Data items
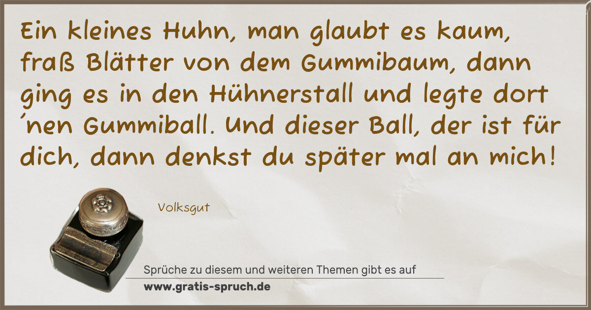 Ein kleines Huhn, man glaubt es kaum, fraß Blätter von dem Gummibaum, dann ging es in den Hühnerstall und legte dort 'nen Gummiball. Und dieser Ball, der ist für dich, dann denkst du später mal an mich!
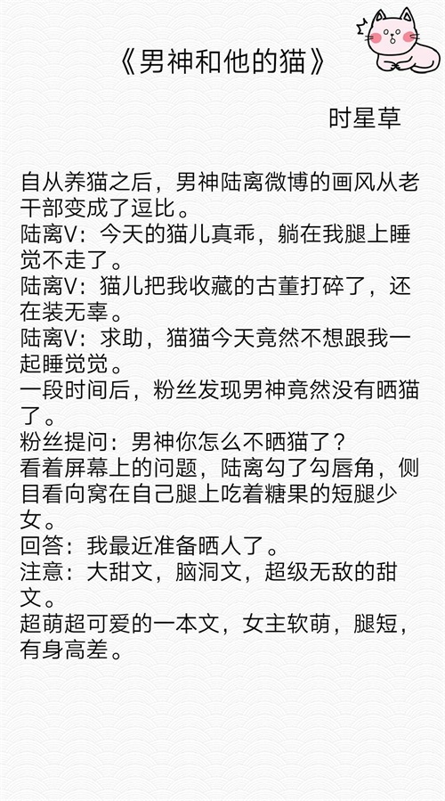 主角是猫猫的言情文盘点:《我的猫窝五百平》《男神和他的猫》
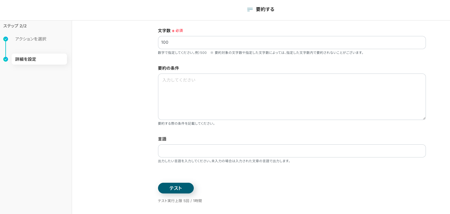 設定を確認したら、テストボタンをクリックします。成功すると、要約結果が取得できます。
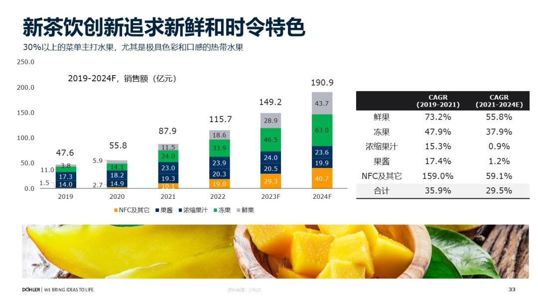 在新茶饮这个热门赛道中,冻果(图中绿色)和NFC及其他果汁(图中橙色)呈高速增长的趋势,我们认为整个趋势性变化会继续保持。
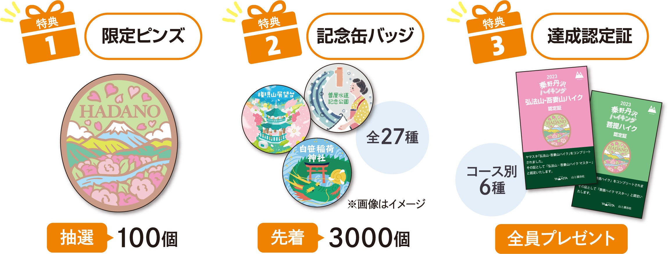 スタンプラリーコースを達成すると、記念缶バッジ(先着3,000個限定、27種)と達成認定証がもらえるほか、山のお土産ブランド「Yamasanka(ヤマサンカ)」とコラボした、人気の特製ピンズ(100個抽選)に応募することができます。
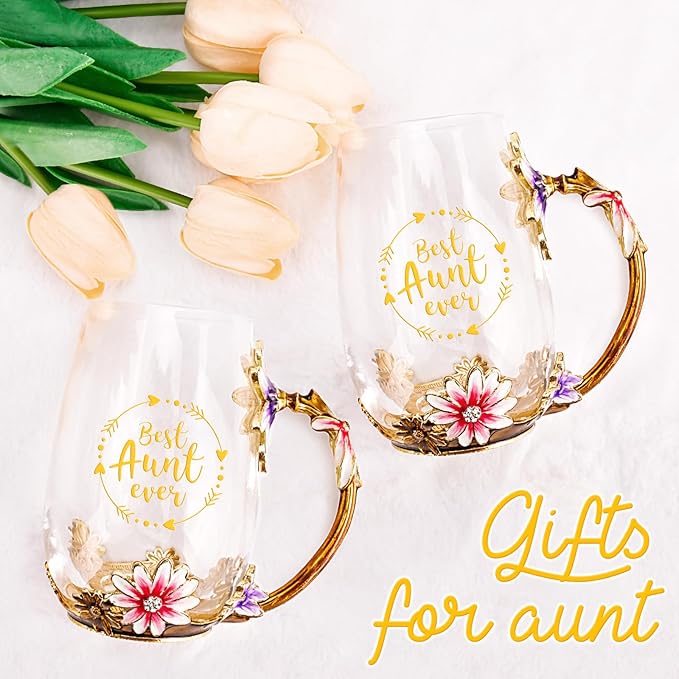 OEAGO Gifts for Aunt from Niece Nephew Tea Cup Cool Birthday Gift Enamel Flower Glass Mugs Christmas Mothers Day New Aunt Announcement Promoted
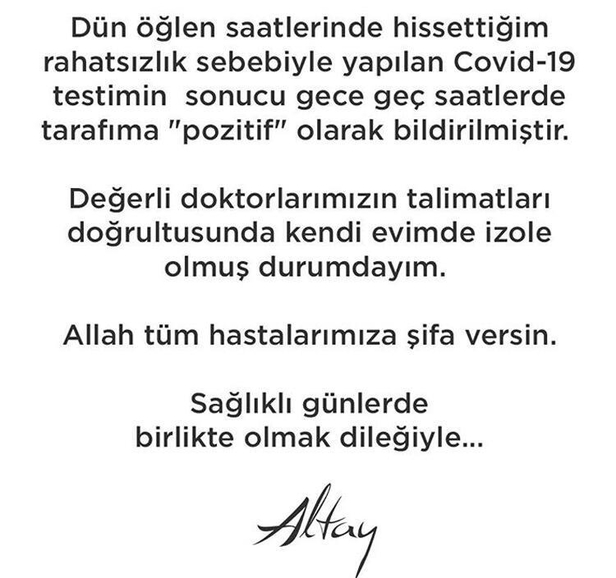 Sosyal medya hesabından açıklama yapan 50 yaşındaki sanatçı, "Dün öğlen saatlerinde hissettiğim rahatsızlık sebebiyle yapılan Covid-19 testimin sonucu gece geç saatlerde tarafıma 'pozitif' olarak bildirilmiştir. Değerli doktorlarımızın talimatları doğrultusunda kendi evimde izole olmuş durumdayım. Allah tüm hastalarımıza şifa versin" ifadelerini kullandı.

◆ **Directions for this task**:
In the data above, find the line containing "在新茶饮这个热门赛道中,冻果" and the line containing "OEAGO Gifts for". Copy exactly the stretch from the first through the second, both included, leaving out any picture.

◆ **Expected output**:
 在新茶饮这个热门赛道中,冻果(图中绿色)和NFC及其他果汁(图中橙色)呈高速增长的趋势,我们认为整个趋势性变化会继续保持。
 スタンプラリーコースを達成すると、記念缶バッジ(先着3,000個限定、27種)と達成認定証がもらえるほか、山のお土産ブランド「Yamasanka(ヤマサンカ)」とコラボした、人気の特製ピンズ(100個抽選)に応募することができます。
 OEAGO Gifts for Aunt from Niece Nephew Tea Cup Cool Birthday Gift Enamel Flower Glass Mugs Christmas Mothers Day New Aunt Announcement Promoted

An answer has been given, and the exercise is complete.